**PROBLEM REQUIREMENTS**
Write the data out again exactly, with every picture removed.

[Data excerpts]
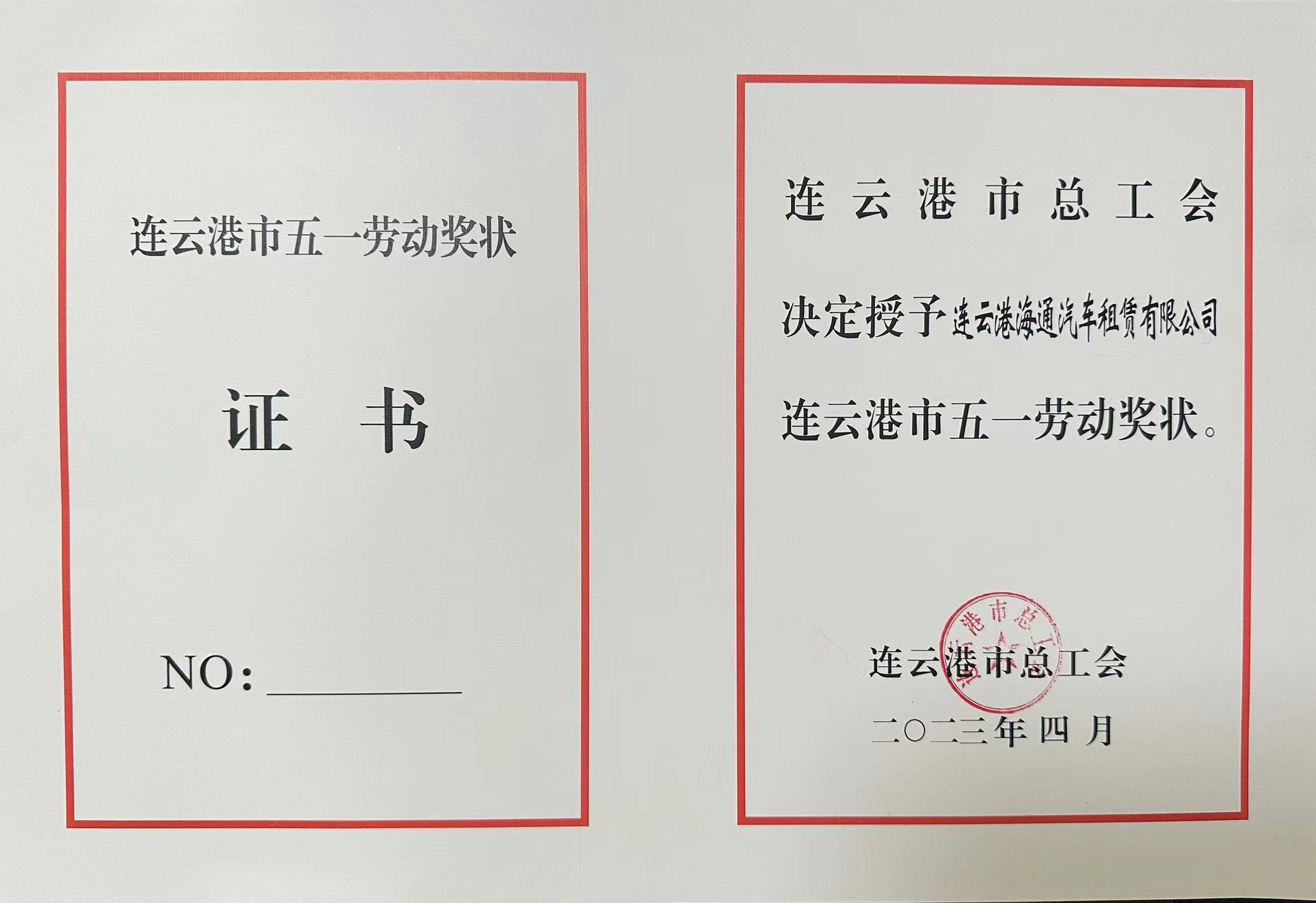 日前,從連云港市總工會(huì )傳來(lái)喜訊,連云港海通汽車(chē)租賃有限公司榮獲“連云港市五一勞動(dòng)獎狀”榮譽(yù)稱(chēng)號。
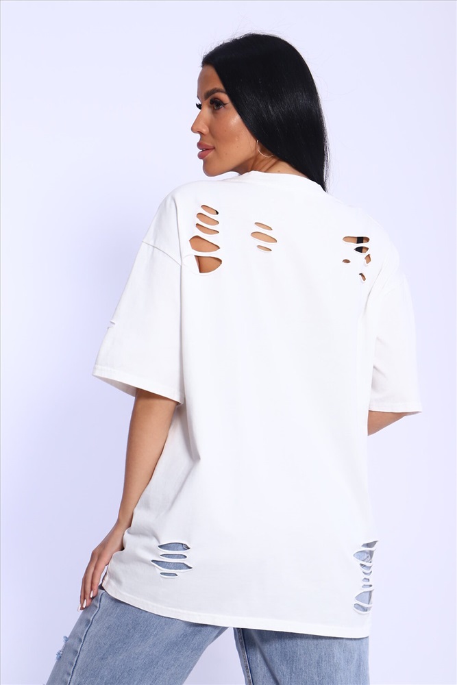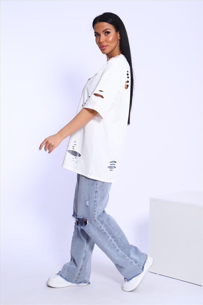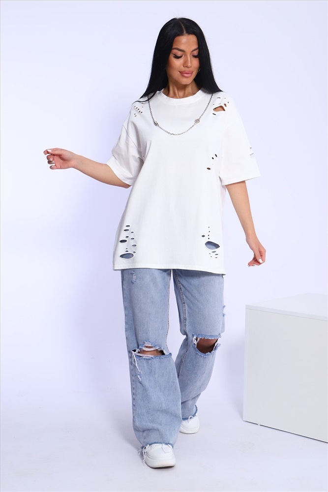 ID товара: 999087 Состав: 100% Хлопок Сезон: Весна/Лето Фасон: Оверсайз Рукав: До локтя Вырез горловины: Круглый Вид ткани: Кулирка пенье Страна бренда: Россия Страна производства: Китай Рваная женская футболка с отстегивающейся цепочкой. Изготовлена из хлопка, очень плотная и не просвечивает.Oversize подходит всем типам фигур. Свободная посадка и прямой крой дает возможность носить футболку на выпуск или заправлять. Футболка отлично подойдёт для создания повседневных образов. Дырки расположены на рукавах, плечах, спереди и сзади. Футболка будет прекрасно сочетаться и с джинсами, и с юбкой. Рукав спущенный и не сковывает движения. Длина рукава указана от плечевого шва. Производство Китай. Комментарии к товару
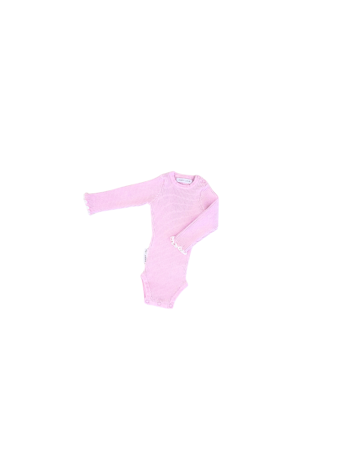 Ribbed, long sleeve bodysuit in our beautiful Lilac colour, featuring a ruffle cuff sleeve with milk stitch detail. Functional press snaps at crotch for easy nappy changes and press snaps on shoulder for easy on/off.
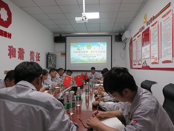 为深入学习领会习近平总书记关于安全生产工作的重要思想和党中央、国务院关于安全生产工作的决策部署。根据中材矿山、中联水泥、兖州中材建设有限公司和地方政府关于2020年“安全生产月”活动要求。6月2日下午,滁州分公司召开2020年“安全生产月”活动启动大会。 会上,公司执行经理张作钢和生产负责人分别进行活动方案传达和安全月期间的人员部署工作。指出在确保新冠疫情防控常态化的条件下,紧跟全国第19个安全活动月“消除事故隐患,筑牢安全防线”的主题,结合分公司实际情况,深入开展系列活动。要求各部门充分合作,人人积极参与,推动各项活动顺利实施,确保安全月活动取得成效。
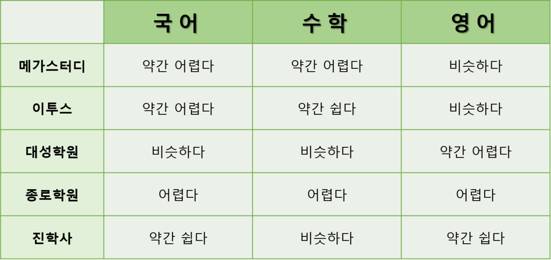 시험 난이도 평가는 입시 전문기관 ▲메가스터디 ▲이투스 ▲대성학원 ▲종로학원 ▲진학사에서 이루어진다.
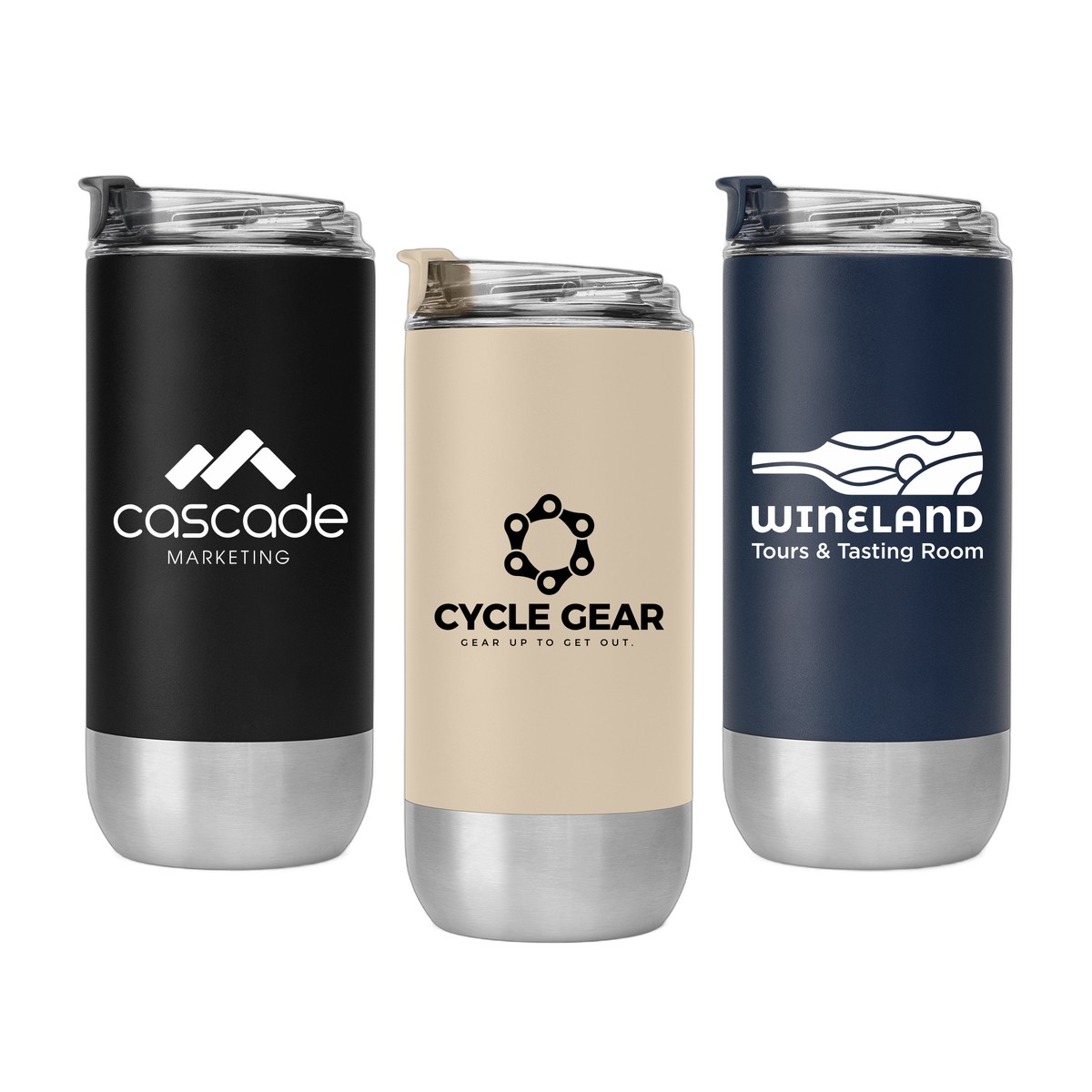 Introducing our Glacier - 16 oz. Double-Wall Recycled Stainless Steel Tumbler - Crafted from 304 recycled stainless steel for both the outer and inner body. The leak-proof flip lid is made of a combination of recycled AS (Acrylonitrile Styrene) and recycled PP. With a double walled vacuum insulation it keeps drinks hot for 6 hours and cold for 24 hours, boasting a 16oz. capacity. The tumbler features a drinking hole suitable for a straw, a matte finish powder coating. Measuring 7.09" h x 3" diameter, it fits most car cup holders. Your logo will be imprinted in Silk Screen. Complies with Prop 65. 7.09" H x 2.99" W

**THE COMPLETED TASK**
 日前,從連云港市總工會(huì )傳來(lái)喜訊,連云港海通汽車(chē)租賃有限公司榮獲“連云港市五一勞動(dòng)獎狀”榮譽(yù)稱(chēng)號。
 ID товара: 999087 Состав: 100% Хлопок Сезон: Весна/Лето Фасон: Оверсайз Рукав: До локтя Вырез горловины: Круглый Вид ткани: Кулирка пенье Страна бренда: Россия Страна производства: Китай Рваная женская футболка с отстегивающейся цепочкой. Изготовлена из хлопка, очень плотная и не просвечивает.Oversize подходит всем типам фигур. Свободная посадка и прямой крой дает возможность носить футболку на выпуск или заправлять. Футболка отлично подойдёт для создания повседневных образов. Дырки расположены на рукавах, плечах, спереди и сзади. Футболка будет прекрасно сочетаться и с джинсами, и с юбкой. Рукав спущенный и не сковывает движения. Длина рукава указана от плечевого шва. Производство Китай. Комментарии к товару
 Ribbed, long sleeve bodysuit in our beautiful Lilac colour, featuring a ruffle cuff sleeve with milk stitch detail. Functional press snaps at crotch for easy nappy changes and press snaps on shoulder for easy on/off.
 为深入学习领会习近平总书记关于安全生产工作的重要思想和党中央、国务院关于安全生产工作的决策部署。根据中材矿山、中联水泥、兖州中材建设有限公司和地方政府关于2020年“安全生产月”活动要求。6月2日下午,滁州分公司召开2020年“安全生产月”活动启动大会。 会上,公司执行经理张作钢和生产负责人分别进行活动方案传达和安全月期间的人员部署工作。指出在确保新冠疫情防控常态化的条件下,紧跟全国第19个安全活动月“消除事故隐患,筑牢安全防线”的主题,结合分公司实际情况,深入开展系列活动。要求各部门充分合作,人人积极参与,推动各项活动顺利实施,确保安全月活动取得成效。
 시험 난이도 평가는 입시 전문기관 ▲메가스터디 ▲이투스 ▲대성학원 ▲종로학원 ▲진학사에서 이루어진다.
 Introducing our Glacier - 16 oz. Double-Wall Recycled Stainless Steel Tumbler - Crafted from 304 recycled stainless steel for both the outer and inner body. The leak-proof flip lid is made of a combination of recycled AS (Acrylonitrile Styrene) and recycled PP. With a double walled vacuum insulation it keeps drinks hot for 6 hours and cold for 24 hours, boasting a 16oz. capacity. The tumbler features a drinking hole suitable for a straw, a matte finish powder coating. Measuring 7.09" h x 3" diameter, it fits most car cup holders. Your logo will be imprinted in Silk Screen. Complies with Prop 65. 7.09" H x 2.99" W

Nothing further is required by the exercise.